Our body is able to remove blood clots entirely on its own and scientists have now figured out how. (Photo: Shutterstock)

Scientists uncover how our body fights off blood clots

Our body has its own system to combat blood clots and a team of Danish scientists have found out how it works.

Danish scientists have figured out how our body eliminates potentially lethal blood clots entirely on its own. The discovery could lead to better artificial blood vessel designs and better treatment of blood clots.

The scientists discovered that when blood vessels begin to clot, small cells in the vessels register the threat and begin to divide and rearrange themselves in patterns which widen the vessels and loosen up the clot.

“It will be interesting to exploit this mechanism in the treatment of blood clots or when people have been given artificial blood vessels," says associate professor Lene Broeng Oddershede, Niels Bohr Institute, University of Copenhagen, who is one of the scientists behind the new study recently published in Nature Communications.

Clots trigger natural alarm system

Blood clot is the generic term for coagulation of blood anywhere in the circulatory system.

One cause could be clotted blood that has loosened and joined the bloodstream. If the blood clot ends up in narrow blood vessels it might get stuck and reduce blood flow or stop it altogether.

When the cells in the blood vessels (endothelial cells) register that blood flow has weakened or stopped, they trigger a rescue mission to ensure that blood starts flowing again:

First, cells in the vicinity of the blood clot begin to divide – and, according to the results of the new work by Oddershede's research group, this causes surrounding tissue to stretch.

When the surrounding cells in the blood vessel register the physical stretching they start to rearrange themselves in a fixed pattern around each other.

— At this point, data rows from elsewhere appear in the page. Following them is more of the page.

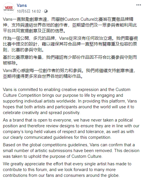 10月5日,距离投票结束还有一周多时间,这一争议作品被移除。当天,范斯(Vans)还在其脸书账号发布声明称,“我们确认有少部分作品因不符合比赛参与守则而被移除”。但声明并未点出具体是哪些作品。 这份声明还表示,作为一个公开、多元的品牌,Vans从来没有任何政治立场。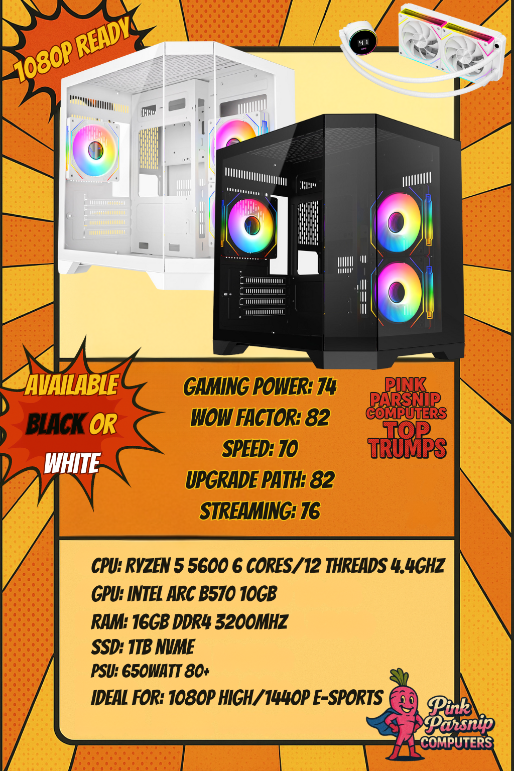 Available in Black or White, with your choice of Blue or White GPU, the Aurora Mid delivers balanced performance and eye-catching style — professionally built and tested by Pink Parsnip Computers.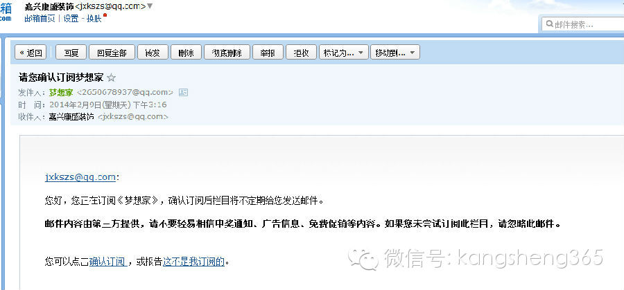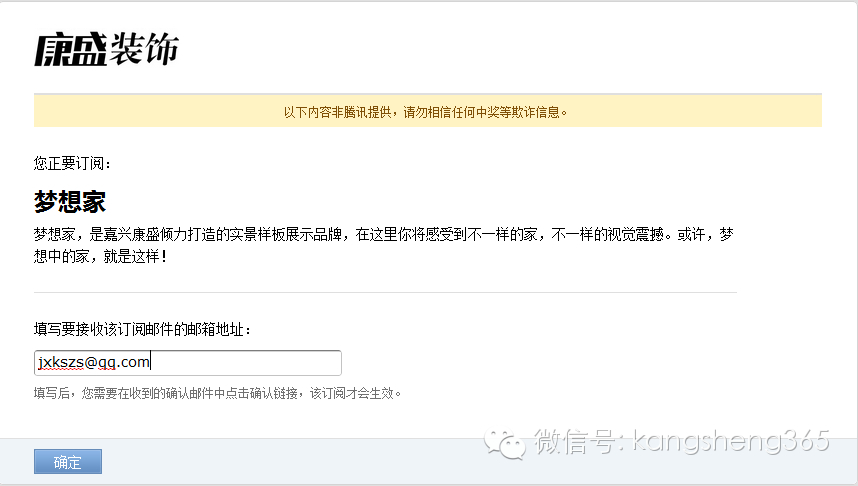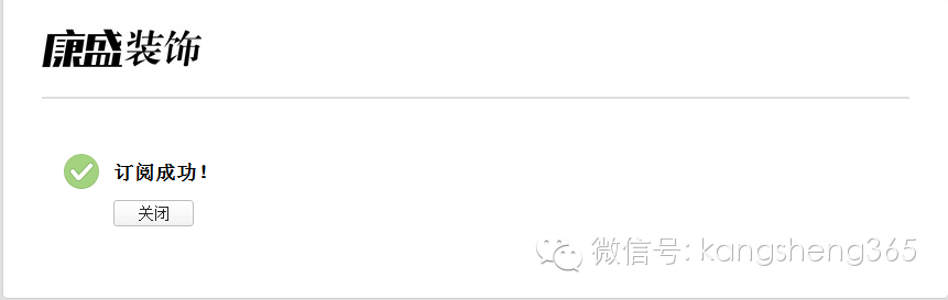 5、到这里我们康盛装饰“梦想家”实景作品的邮箱订阅就完成了,下面就等待我们康盛不定期的精美实景安排发送吧!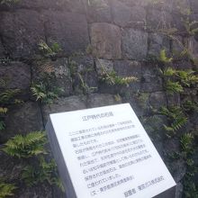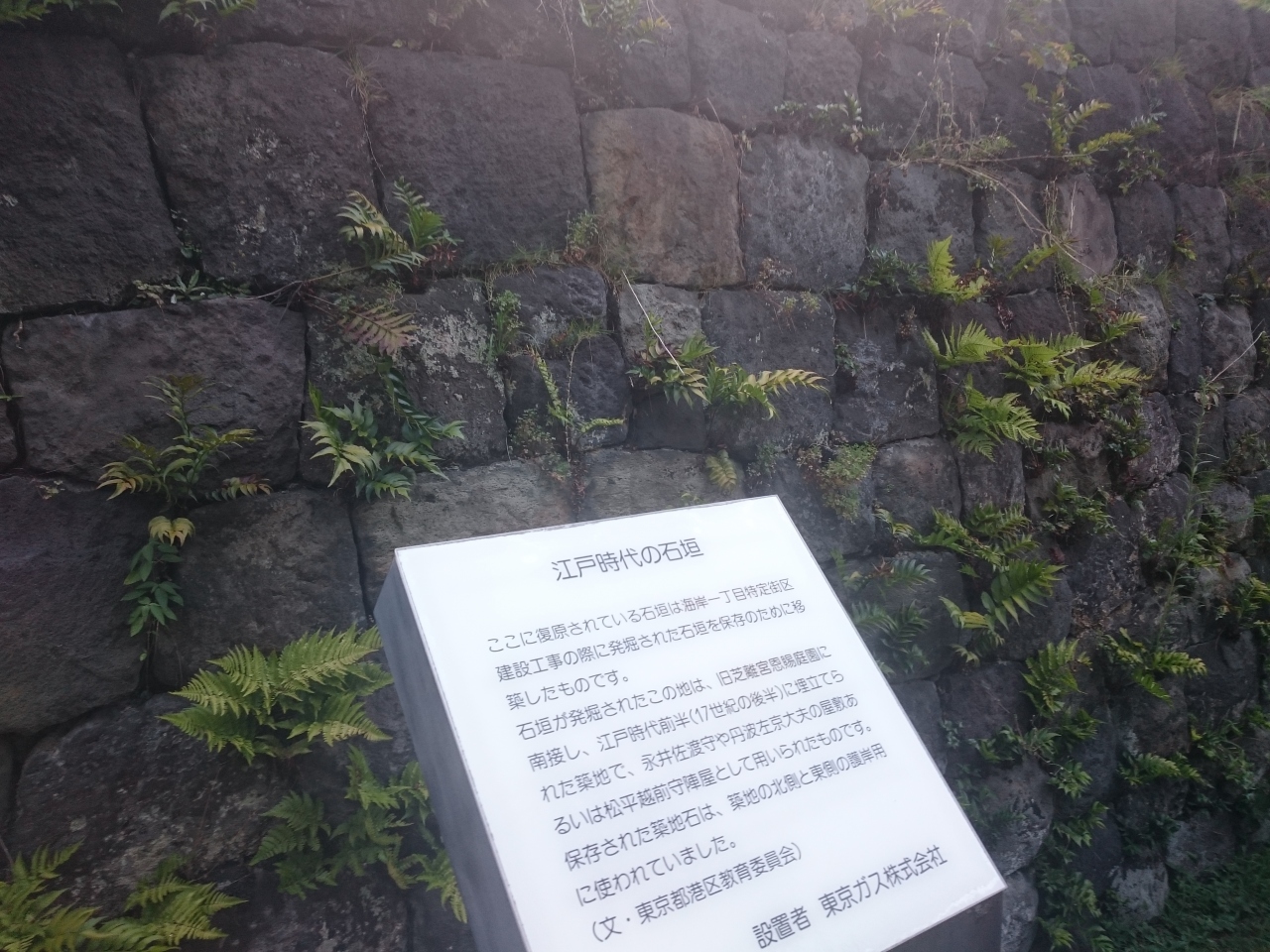 首都高速の渋滞多発エリアである浜崎橋JCTの下にあります。石垣は車の交通量は多い通りに面しているものの、歩行者は少ない場所でひっそりしていました。休日のためか浜松町からの歩行者は少なく寂しい雰囲気が漂っていました。江戸時代の大名屋敷に護岸目的で使われていた石が移設されたようです。

This rearrangement, says Oddershede, most likely leads to every subsequent cell division increasing the width of the blood vessel rather than the length.

The widened blood vessel then makes it easier for the blood to flow past the blockage.

"The interesting thing is that the signal, which the surrounding cells react to, isn’t chemical or biological, but physical,” says Oddershede. “This response is always present in the body and is perhaps constantly taking care of small blood clots before they become a problem.”

May improve our understanding of diseases

With the new knowledge of the body’s system to fight blood clots, it might also be possible to improve our understanding of other diseases, says Dr. Janine Erler of the Biotech Research & Innovation Centre (BRIC), University of Copenhagen.

"The most interesting thing is that the scientists have found out how physical stretching can explain cell communication that results in tissue lying in a specific pattern across large distances,” she says.

According to her, this knowledge might have huge implications for our understanding of what things should look like when the body is in balance and how things behave in the event of disease.

Mechanism absent in artificial blood vessels

Oddershede says the study can also help people who’ve had some of their blood vessels replaced with artificial ones. The problem with the artificial vessels is that they don’t possess the ability to fight blood clots.

"We should perhaps think about how we make artificial vessels do so too in order for them to be a decent replacement," she says.

Apart from this, Oddershede sees various other potential uses for this new knowledge in future blood-regulating medicines.

"We actually already have pretty good medicine for the treatment of high blood pressure and other ailments that cause blood clotting, but it would be an advantage to take a look at how the medicine functions in relation to the system we have described,” she says.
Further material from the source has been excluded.